Key Considerations for Your Data Protection Strategy
Data is often a company’s most important asset. As data continues to grow – both in volume and value – businesses are turning to the cloud for their storage and management needs.
With ransomware growing at a rate of 15 percent annually, it’s important to establish the right plan to protect your organization. The thing is, everyone has their own assumptions about what data protection really is. Most people think it’s just about backup, but that doesn’t even begin to scratch the surface. A modern data protection strategy encompasses so much more. The following are three key considerations for your data protection strategy.

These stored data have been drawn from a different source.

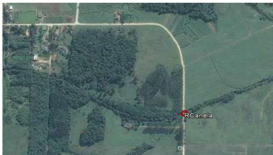
Figura 1 - Localização do ponto de amostragem

Coordenadas em UTM: 712437.00 m (E) - 7103399.00 m (S)
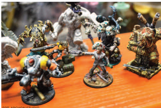
FOT. ARCHON STUDIO
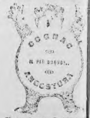
Fiaccone di saggio Comi 50 cent. nel ragn. Invece da comprare in tre carti. Vaglia da 0.22 alla Ditta MARCONI S. BENEDETTO - FIRENZE

INTERESSANTE I commercianti, gli industriali tutti coloro che vogliono migliorare i propri interessi si servono sempre della pubblicità dell' "Etruria", che è uno tra i più accreditati e diffusi periodici della provincia di Arezzo. Prezzi discreti Abbonamenti speciali per più inserzioni.
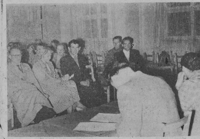
Przedsesyjne zebranie komitetu blokowego.

Z przedsesyjnych zebrań komitetów blokowych
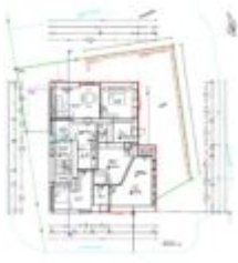
Wohnhaus Ötz - Erdgeschoss
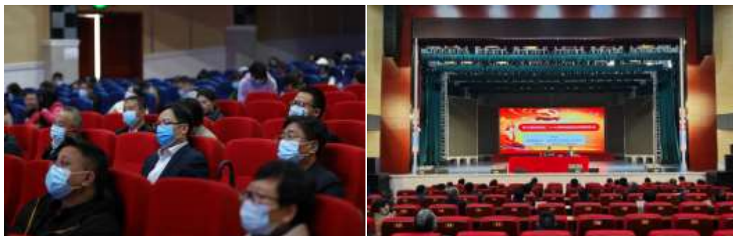
2-3衡阳幼儿师范高等专科学校召开学习贯彻党的二十大精神省委宣讲团报告会

体教师、辅导员、学生代表参加报告会，耒阳校区全体教职工以视频会议方式参加此次报告会。（见图2-3）
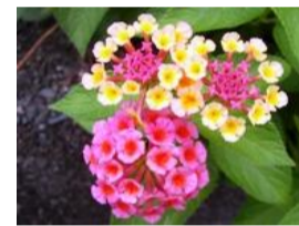
七変化(シチヘンゲ)
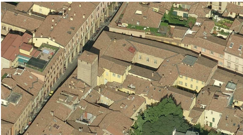
Museo della Musica – Vista dall'alto
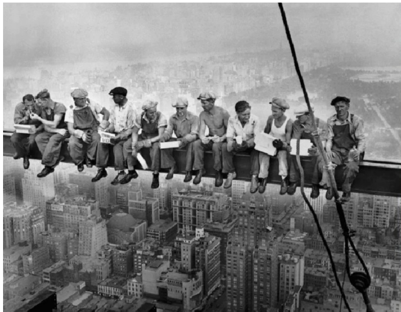
Anonyme, Men at lunch , New-York, septembre 1932
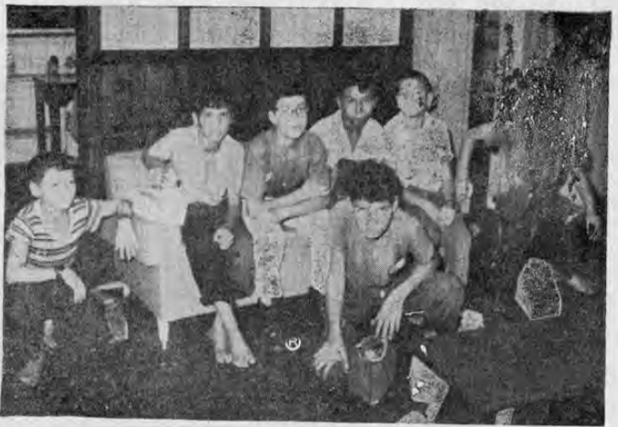
Los representantes de un grupo mayor de cincuenta ilustradores de zapatos, estuvieron ayer, en nuestra relación, a fin de anunciar oficialmente que a partir de hoy aumentarán a setenta y cinco
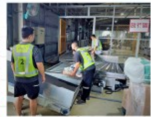
人員進入倉間應穿著不同顏色背心，提高人員辨識度。
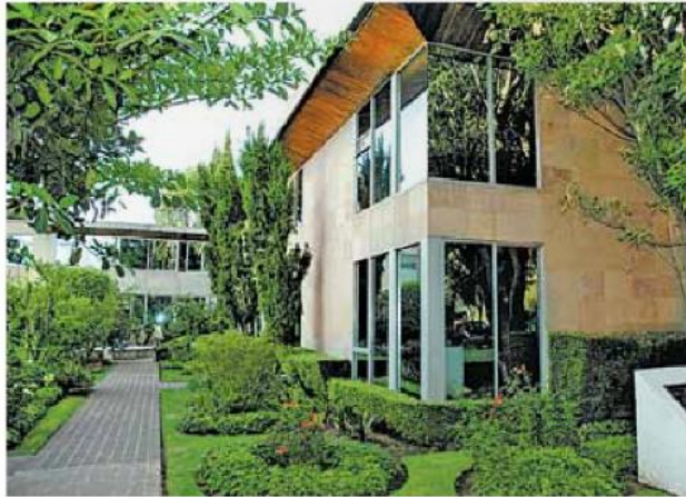
La Asociación busca apoyar el crecimiento de la educación superior.

“No obstante, para cumplir las metas de crecimiento de la matrícula y de mejora continua de calidad, entre otras, establecidas en el Programa Sectorial de

1. Leverage the cloud to secure your on-site data
Cloud adoption is on the rise. Gartner predicts that by 2019, 30 percent of midsize organizations will leverage public cloud Infrastructure as-a-service for backup – up from 5% today. Now is a great time to consider how cloud can be an integral piece of your data protection strategy. Think of backup as a great gateway to the cloud – it’s easy to do when you have the right strategy. So ask yourself what your goal is.
- Is it to ensure you have a secondary backup site to further protect your data?
- Are you in search of a combined pack of data backup and recovery solutions?
- Do you expect new compliance-related regulations that will require more backup and quick access if a disruptive event occurs?
- Are you looking to shift IT expenses from CapEx to OpEx?
One significant benefit of data protection in the cloud is the ease of expandability. From an admin perspective, it is extremely easy to scale, expand, and manage storage in the cloud.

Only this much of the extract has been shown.